The One Click Upsell Funnel for WooCommerce plugin for WordPress suffers from a stored cross-site scripting vulnerability (CWE-79) due to improper neutralization of input during web page generation. Specifically, the wps_wocuf_pro_yes shortcode does not adequately sanitize or escape user-supplied attributes, enabling authenticated users with contributor or higher privileges to inject arbitrary JavaScript code. This malicious code executes in the context of users visiting the compromised pages, potentially impacting confidentiality and integrity. The vulnerability affects all versions up to and including 3.4.9. The CVSS 3.1 base score is 6.4 (AV:N/AC:L/PR:L/UI:N/S:C/C:L/I:L/A:N), reflecting network attack vector, low attack complexity, required privileges, no user interaction, scope change, and limited confidentiality and integrity impact without availability impact.
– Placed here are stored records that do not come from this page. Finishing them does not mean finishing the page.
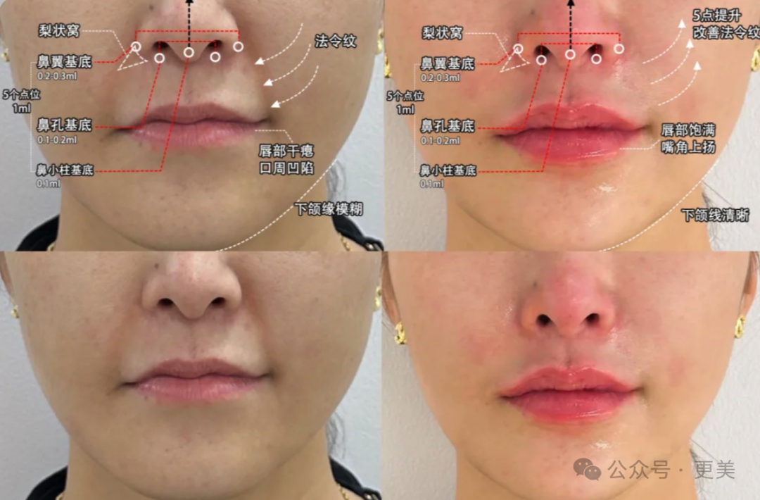 综上,简单几个点位的注射,就实现了切鼻翼、抬鼻头、隆鼻全方位的鼻综合效果。
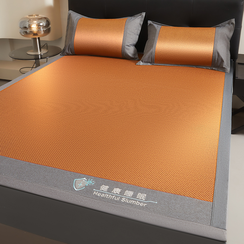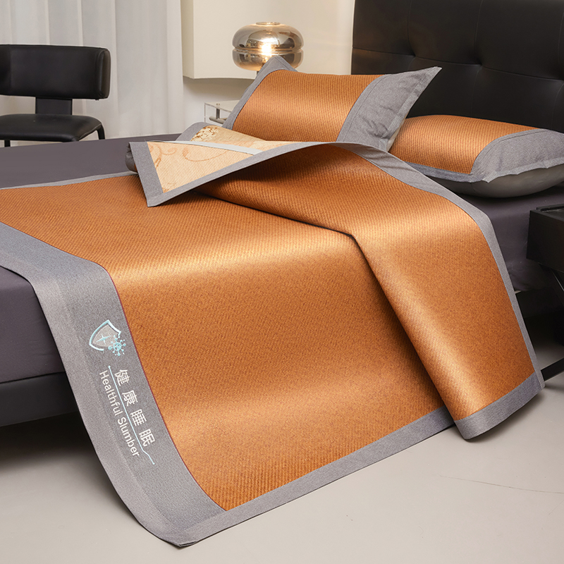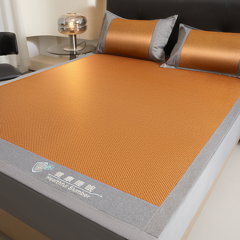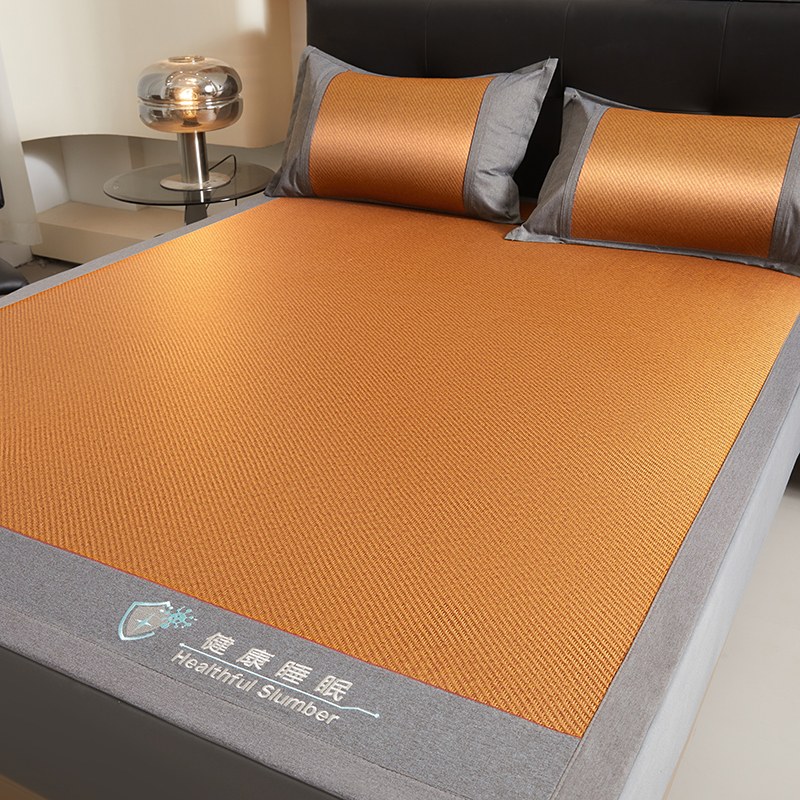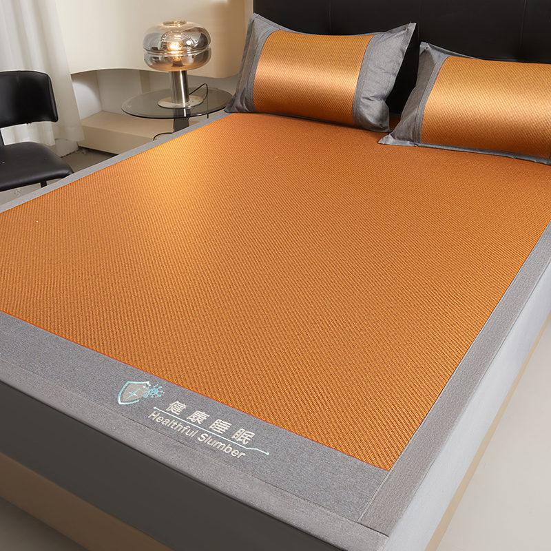 (总)席都 2024新款冰藤席床席三件套-三明治-冰藤席系列,灰,金,绿,粉,蓝
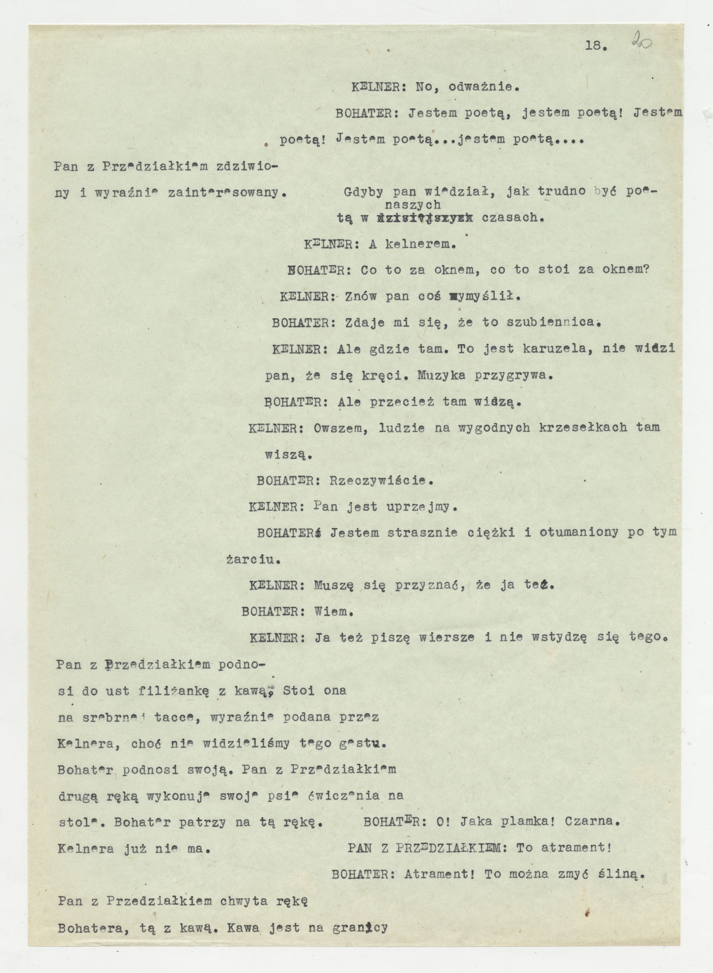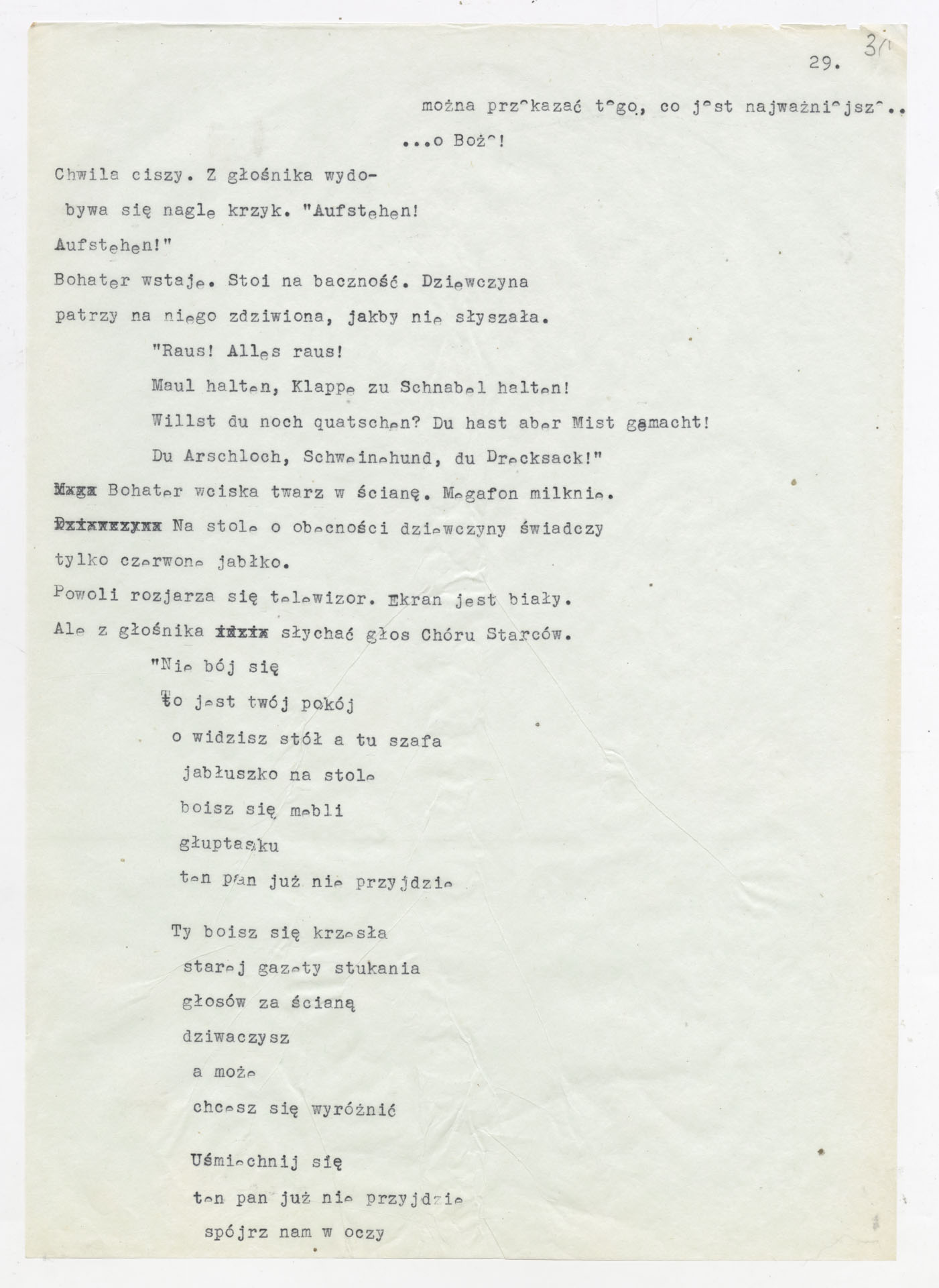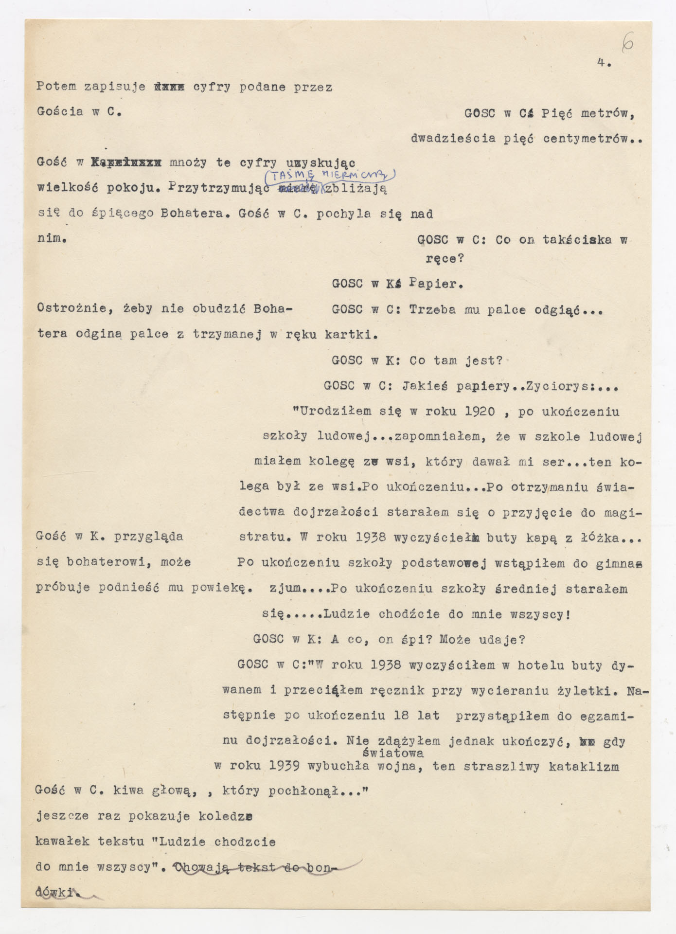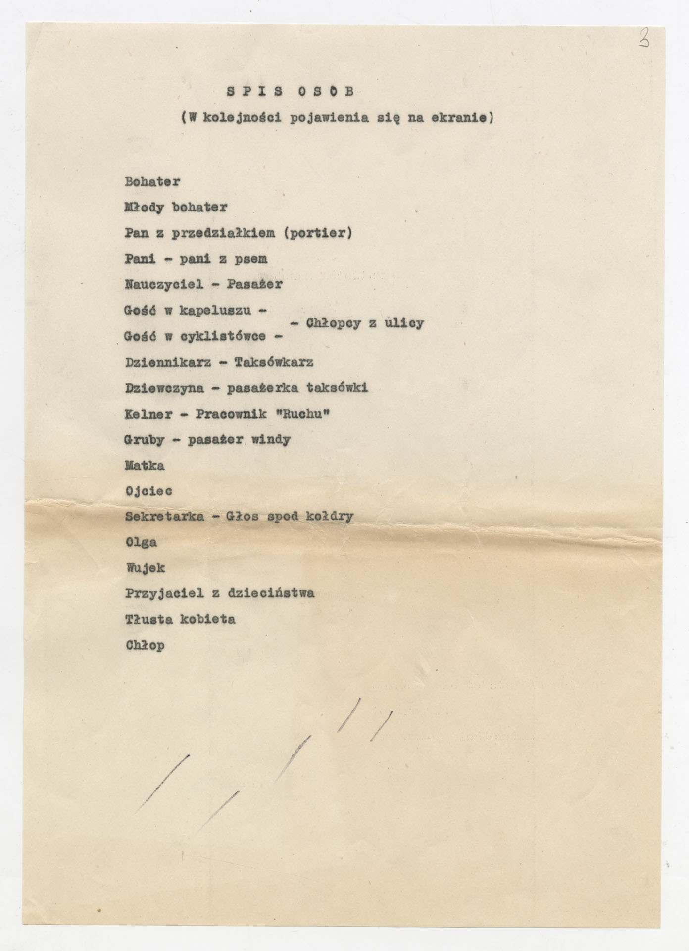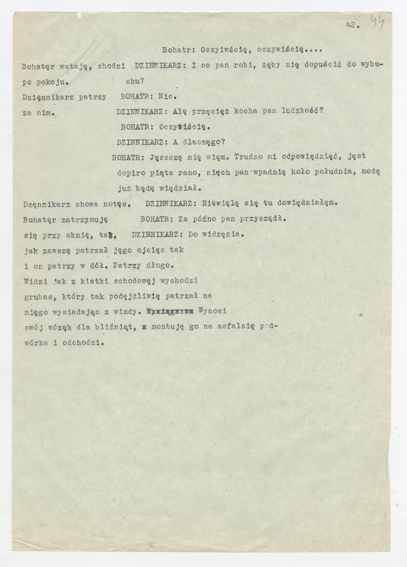 Maszynopis z adaptacją teatralną tekstu Tadeusza Różewicza “Kartoteka” do teatru telewizji Krzysztofa Kieślowskiego “Kartoteka” (1979). Dokument ma postać scenariusza filmowo-telewizyjnego, zawierającego “spis osób” oraz ponumerowane sceny z określeniem miejsca i pory akcji (sad, bufet operetki, korytarze teatru, ulice Warszawy, mieszkanie bohatera). Rozpisano dialogi oraz szczegółowe didaskalia. Maszynopis ma charakter roboczej wersji scenopisu, z widocznymi poprawkami i skrótami technicznymi.

There is no vendor advisory or patch currently linked, and no known exploitation in the wild has been documented.

An authenticated attacker with contributor-level access or higher can inject persistent malicious scripts into pages via the vulnerable shortcode. These scripts execute in the browsers of users who visit the infected pages, potentially allowing theft of session tokens, defacement, or other malicious actions affecting confidentiality and integrity. The vulnerability does not impact availability. The scope is changed, meaning the vulnerability affects resources beyond the attacker’s privileges. No known active exploitation has been reported.

Patch status is not yet confirmed — check the vendor advisory for current remediation guidance. Until an official fix is released, restrict contributor-level access to trusted users only and consider disabling or removing the vulnerable shortcode if possible. Monitor official vendor channels for updates and apply patches promptly once available.